Life during the first decade of the 20th Century was filled with work and revolved around the Church, remembers Oa Jacobs Cannon. Primary was the childhood highlight of her week.

Sister Cannon, 96, reared in Ogden, Utah, in 1902 to Henry Chariton and Emma Rigby Jacobs, described the first decade of the 20th century as a splice of the old and new: horses and buggies plodding along hard-packed dirt streets while electric and telephone wires hummed overhead. During the period between 1900-1909, many of Ogden's sturdy homes acquired indoor plumbing, and a few wealthy families purchased automobiles.

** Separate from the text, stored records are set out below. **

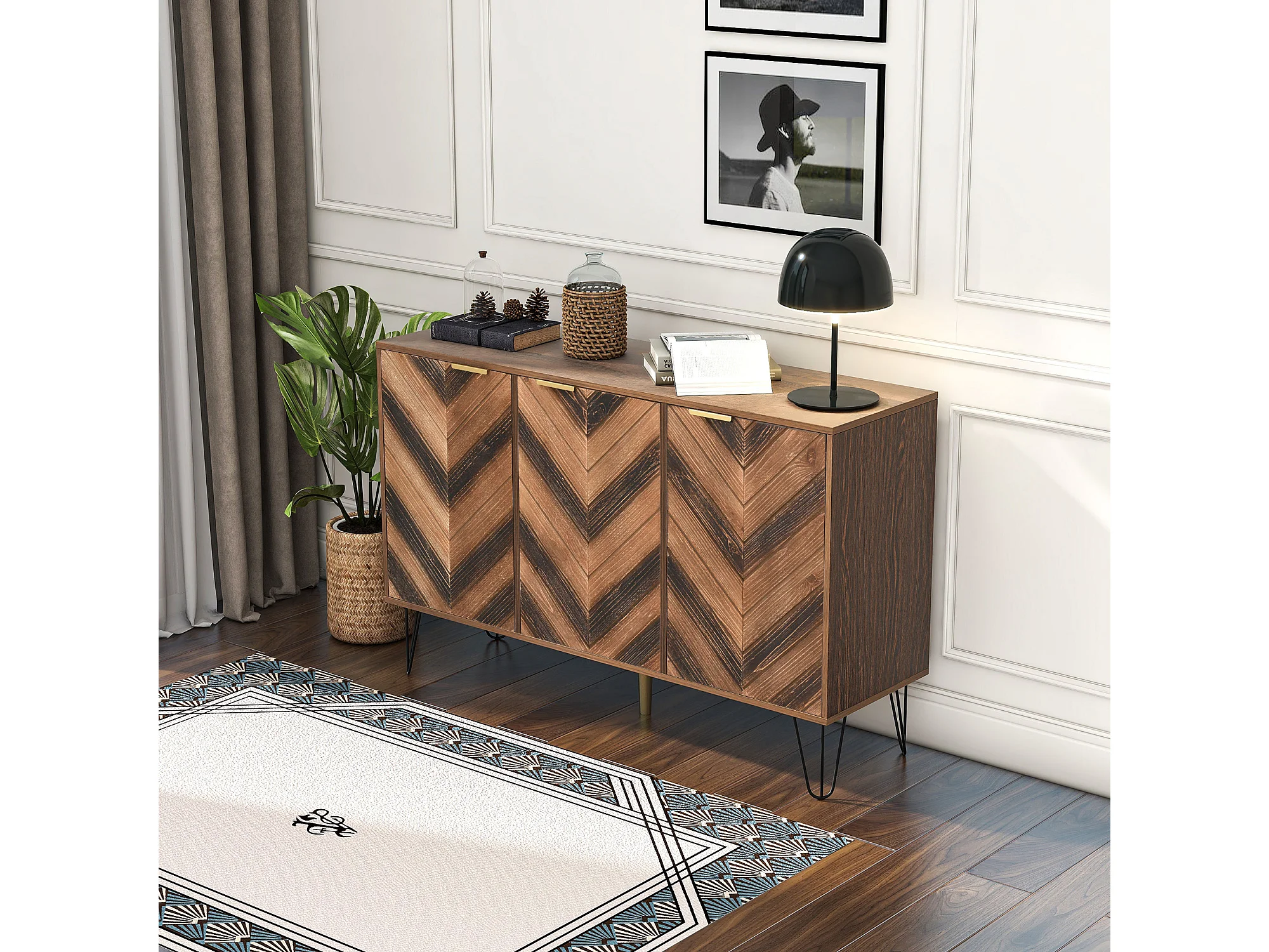 Dressoir met drie deuren - Concaaf en convex patroon - Donker naturel en zwart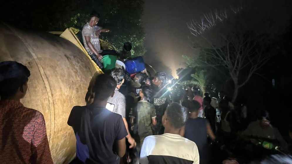 খোঁজ নিয়ে জানা যায়, দুর্ঘটনার পরপরই আশপাশের মানুষ বালতি, পাতিল, জগ ও প্লাস্টিকের গামলা নিয়ে ঘটনাস্থলে ছুটে আসেন। ট্রেনের উল্টে যাওয়া ওয়াগন থেকে মাটিতে পড়া তেল সংগ্রহ করে বাড়ি নিতে শুরু করেন তারা।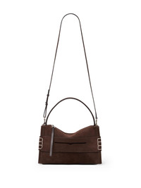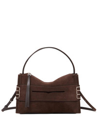 Loafer shoulder bag Highlights - Brown - Calf suede - Top zip fastening - Single circular top handle - Detachable shoulder strap - Penny slot - Contrast stitching - Main compartment - Leather lining - Internal slip pocket - Internal logo patch - Silver-tone hardware Made in Italy Composition Outer: Calf Suede 80%, Calf Leather 20% Lining: Calf Suede 100%, Polyamide 60%, Polyurethane 40% SIZE & FIT Measurement DEPTH 3.93 in(10 cm) HEIGHT 8.07 in(20.5 cm) WIDTH 11.22 in(28.5 cm)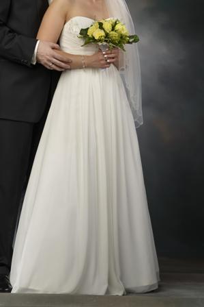 Suknia bardzo lekka, bez koła i trenu. Pięknie układa się w tańcu.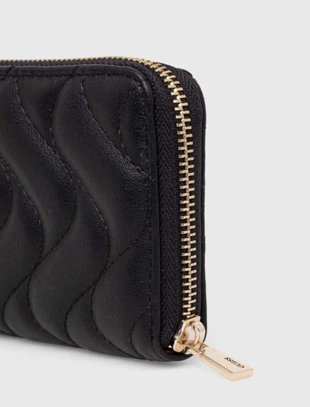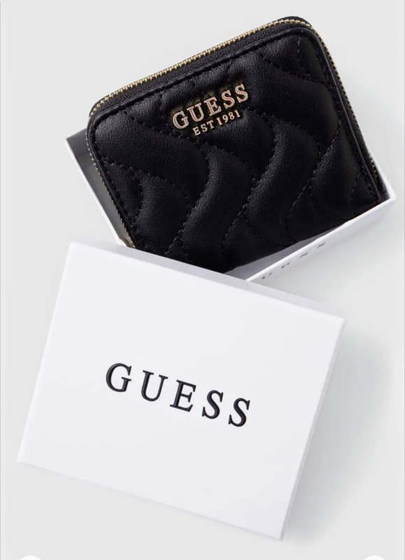 Маленький стьобаний гаманець бренду GuessМатеріал: штучна шкіраКолір: чорний із золотою фурнітуроюЄ відділення для банкнот, карток та монетРозмір: 11,5 ×9,5 смУ фірмовому пакуванні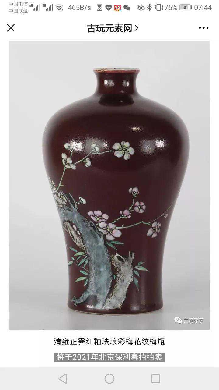 最近看到一篇文章,保利在热炒一个祭红釉梅瓶,估计是从国外买回来的,请看下图:

Yet the inventions of the previous century — the gasoline engine, telephone, electric light, phonograph, motion picture camera — had not made the deep impact upon society that would soon follow. A telephone hung on the wall of the Jacobs' modest home, but was rarely used because of the expense. Electricity was unreliable and autos were seen mostly in parades.

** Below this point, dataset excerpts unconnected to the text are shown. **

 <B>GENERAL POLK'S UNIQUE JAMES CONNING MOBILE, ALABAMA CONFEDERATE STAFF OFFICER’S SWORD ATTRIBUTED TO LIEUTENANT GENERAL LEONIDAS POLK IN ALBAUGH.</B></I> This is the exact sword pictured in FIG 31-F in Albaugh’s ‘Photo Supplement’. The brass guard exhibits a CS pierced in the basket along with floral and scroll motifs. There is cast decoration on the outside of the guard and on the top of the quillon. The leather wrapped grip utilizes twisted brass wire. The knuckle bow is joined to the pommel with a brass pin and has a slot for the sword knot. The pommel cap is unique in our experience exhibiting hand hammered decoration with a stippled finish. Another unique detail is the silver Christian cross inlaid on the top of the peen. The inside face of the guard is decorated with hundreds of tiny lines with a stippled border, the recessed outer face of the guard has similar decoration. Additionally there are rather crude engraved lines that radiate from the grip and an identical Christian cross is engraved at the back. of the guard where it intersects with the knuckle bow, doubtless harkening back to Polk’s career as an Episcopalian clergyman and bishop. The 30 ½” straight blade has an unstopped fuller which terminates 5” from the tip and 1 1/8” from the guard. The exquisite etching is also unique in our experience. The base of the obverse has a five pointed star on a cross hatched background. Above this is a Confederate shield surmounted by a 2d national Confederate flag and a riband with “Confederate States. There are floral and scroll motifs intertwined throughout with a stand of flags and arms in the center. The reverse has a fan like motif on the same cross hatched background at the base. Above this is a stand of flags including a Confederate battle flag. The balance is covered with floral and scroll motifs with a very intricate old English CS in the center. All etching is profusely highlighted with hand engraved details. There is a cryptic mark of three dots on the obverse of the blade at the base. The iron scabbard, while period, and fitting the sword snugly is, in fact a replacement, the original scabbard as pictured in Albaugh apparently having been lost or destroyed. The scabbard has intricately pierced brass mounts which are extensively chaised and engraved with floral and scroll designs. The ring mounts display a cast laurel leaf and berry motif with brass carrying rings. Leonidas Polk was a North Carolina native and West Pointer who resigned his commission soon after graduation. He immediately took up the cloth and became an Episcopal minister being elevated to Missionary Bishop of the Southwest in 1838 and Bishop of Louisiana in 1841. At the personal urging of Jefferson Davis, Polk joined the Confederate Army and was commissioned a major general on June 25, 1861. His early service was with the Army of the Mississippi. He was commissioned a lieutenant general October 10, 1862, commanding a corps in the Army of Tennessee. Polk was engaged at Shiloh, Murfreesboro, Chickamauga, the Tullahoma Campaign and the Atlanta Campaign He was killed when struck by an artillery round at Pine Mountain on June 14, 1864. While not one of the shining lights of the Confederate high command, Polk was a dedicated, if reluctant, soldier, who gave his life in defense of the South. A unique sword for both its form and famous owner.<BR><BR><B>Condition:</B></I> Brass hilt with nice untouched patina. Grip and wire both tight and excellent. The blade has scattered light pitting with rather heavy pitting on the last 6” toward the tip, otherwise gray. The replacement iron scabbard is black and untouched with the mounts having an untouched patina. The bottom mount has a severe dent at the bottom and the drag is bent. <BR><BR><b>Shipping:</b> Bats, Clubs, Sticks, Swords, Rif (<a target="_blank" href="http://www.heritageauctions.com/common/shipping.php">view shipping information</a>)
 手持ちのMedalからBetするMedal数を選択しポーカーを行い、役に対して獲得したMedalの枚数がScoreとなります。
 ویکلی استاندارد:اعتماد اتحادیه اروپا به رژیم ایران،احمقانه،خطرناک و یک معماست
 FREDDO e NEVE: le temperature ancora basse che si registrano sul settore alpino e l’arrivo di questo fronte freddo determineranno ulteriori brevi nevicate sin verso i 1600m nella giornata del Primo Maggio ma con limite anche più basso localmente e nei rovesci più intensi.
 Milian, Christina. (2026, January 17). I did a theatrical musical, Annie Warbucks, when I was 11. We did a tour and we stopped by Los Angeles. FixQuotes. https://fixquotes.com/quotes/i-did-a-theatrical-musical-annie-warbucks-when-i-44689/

It was a time when the Church, comprised of 271,681 members in 40 stakes, was the social and spiritual center of the community. And sacrament meeting was the center of the Church. The decade ended with 377,279 members in 60 stakes.

"The Church has been my life," said Sister Cannon. She remembers as a small child sitting very still on a large bench while her father, in his 60s, presided as bishop of the Ogden 5th Ward.

"When my father held a meeting, it was a meeting," she said in a recent interview. "He was very strict, but the people loved him."

During that epoch, music was played as a common cup was passed for sacrament. Following the sacrament, often one speaker would address the congregation for the remainder of the time. In the Ogden 5th Ward, the speaker was frequently a stake patriarch who would be called upon "if father didn't have a speaker by Friday or Saturday," said Sister Cannon.

Despite their young age, she and her sisters "were just thrilled" to sing in the ward choir.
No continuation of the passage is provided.